El péndulo ha comenzado a bascular hacia un lado que se llama fatiga digital y tiene toda su lógica. Nuestras vidas se han convertido en una sucesión continua de mensajes, alertas, redes sociales, plataformas y llamadas hasta tal punto que absorbemos muchísima más información de la que somos capaces de asimilar. De este modo, la adquisición de conocimientos ha derivado en un magma banal, frágil y poco contrastado como ya advirtió hace una década el sociólogo y periodista Nicholas Carr en un libro imprescindible: Superficiales. ¿Qué está haciendo internet con nuestras mentes? (Taurus). Aunque parezca mentira, ha llovido mucho en estos años recientes y el bombardeo informativo y la invasión de nuestra intimidad han aumentado a un ritmo tan vertiginoso que ya resulta imposible distinguir entre trabajo y ocio, entre lo público y lo privado, entre el periodismo serio y los bulos. La dura pandemia todavía ha agudizado más si cabe esta evolución hacia un mundo de usar y tirar. Por todo ello, el otro lado del péndulo atrae a más gente cada día, a personas que reivindican la lentitud para disfrutar del presente con una actitud hedonista, reflexiva y sugerente que nos devuelva una mirada más humana y menos robotizada de nosotros mismos y de nuestros semejantes. Fruto de esta fatiga digital han nacido movimientos como el del slow journalism (periodismo lento) y nuevas manifestaciones creativas que apuestan por descubrir ese placer de la pausa.

Así, paso a paso, se va consolidando una literatura para lentos, unos ensayos que reivindican la contemplación o el aburrimiento, ese dolce fare niente de los italianos sabios. Una autora que ha logrado un lugar de relevancia en este género es la californiana Rebecca Solnit, quien en una joya de libro titulado muy gráficamente El arte de perderse (Capitán Swing), afirma lo siguiente como declaración de principios: «Me encanta salirme del camino, ir más allá de lo que conozco y encontrar el camino de vuelta recorriendo unos cuantos kilómetros más, por un sendero diferente, con una brújula que discute con un mapa, con las indicaciones contradictorias y poco rigurosas de desconocidos». Está claro que Solnit se sitúa en las antípodas del esquematismo de los GPS o de la tiranía de los algoritmos y proclama que para sentirse libre conviene perderse. Otras escritoras extranjeras, como la alemana Andrea Köhler con su El tiempo regalado (Libros del Asteroide), se han sumado a este tan necesario elogio de la lentitud en tiempos de vértigo.
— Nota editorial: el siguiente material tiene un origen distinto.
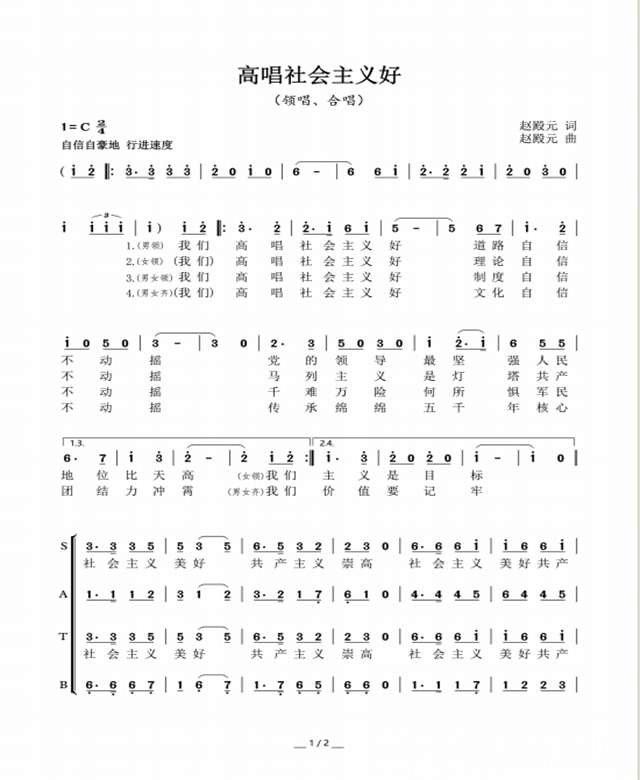 摘要:今年是中華人民共和國成立74周年。在國慶節(jié)即將到來之際,中共黨員、朝陽市音樂家協(xié)會(huì)主席趙殿元?jiǎng)?chuàng)作了歌曲《高唱社會(huì)主義好》,以浩然正氣、優(yōu)美旋律和熾熱情感,向祖國母親獻(xiàn)上了至純至真的節(jié)日祝福?,F(xiàn)本網(wǎng)予以重磅推送,以饗廣大網(wǎng)友,期望能共同傳唱,獻(xiàn)禮祖國!

En clave local y universal a la vez, el profesor y escritor murciano Miguel Ángel Hérnandez ha señalado que «toda una tradición del arte y la escritura reivindica la centralidad del aburrimiento, la necesidad de no hacer nada, la detención, la pausa». Hernández se ha servido para lograr su propósito de una costumbre tan española como la siesta. En un agudo y delicioso librito publicado hace poco, El don de la siesta (Anagrama), Hernández nos deja este párrafo de rebeldía: «Desconectar y dormir la siesta se convirtió en la era de internet en una suerte de salida al imperativo del entretenimiento, una resistencia a la obligación de estar activo, de hacer algo constantemente».